[Records contained in a dataset]
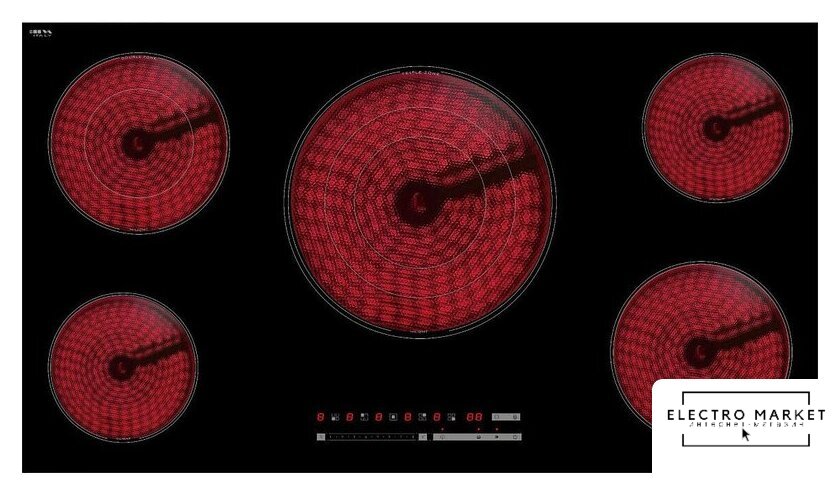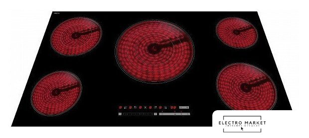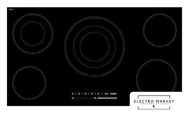 | Подробная информация о конфорках | Левая дальняя конфорка - 200 мм, 2.0-1.0 кВт; левая ближняя конфорка - 165 мм, 1.2 кВт; правая дальняя конфорка - 165 мм, 1.2 кВт; правая ближняя конфорка - 200 мм, 1.8 кВт; центральная конфорка - 300 мм, 2.7/1.75/0.95 кВт (тройная зона) |
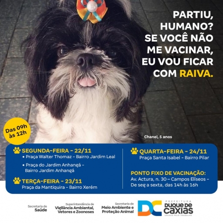 A Prefeitura de Duque de Caxias segue com a Campanha de Vacinação Antirrábica para cães e gatos no município. Esta semana as equipes de vacinação estarão nos bairros Jardim Leal, Jardim Anhangá, Pilar e Xerém, nos dias 22, 23 e 24 de novembro. .
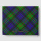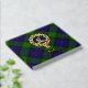 Clan Gunn crest badge surrounded by a strap and buckle over tartan background. Custom front, back and spine text.
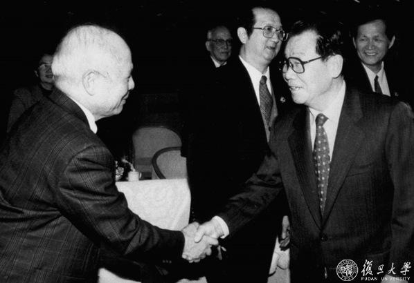 时任全国政协主席李瑞环与时任全国政协常委、原世经所所长郑励志握手
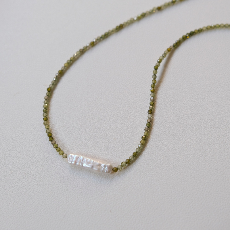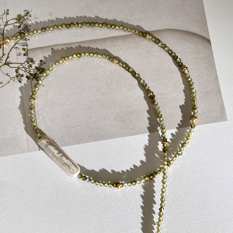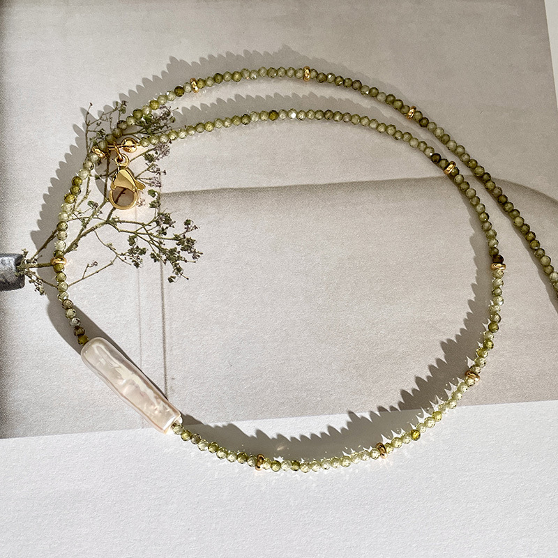 橄榄绿圆形切面天然石颈链巴洛克淡水珍珠长条形串珠项链女锁骨链

WHAT YOU SHOULD DO - Output all the data, exactly, without images.

TASK OUTPUT -
 | Подробная информация о конфорках | Левая дальняя конфорка - 200 мм, 2.0-1.0 кВт; левая ближняя конфорка - 165 мм, 1.2 кВт; правая дальняя конфорка - 165 мм, 1.2 кВт; правая ближняя конфорка - 200 мм, 1.8 кВт; центральная конфорка - 300 мм, 2.7/1.75/0.95 кВт (тройная зона) |
 A Prefeitura de Duque de Caxias segue com a Campanha de Vacinação Antirrábica para cães e gatos no município. Esta semana as equipes de vacinação estarão nos bairros Jardim Leal, Jardim Anhangá, Pilar e Xerém, nos dias 22, 23 e 24 de novembro. .
 Clan Gunn crest badge surrounded by a strap and buckle over tartan background. Custom front, back and spine text.
 时任全国政协主席李瑞环与时任全国政协常委、原世经所所长郑励志握手
 橄榄绿圆形切面天然石颈链巴洛克淡水珍珠长条形串珠项链女锁骨链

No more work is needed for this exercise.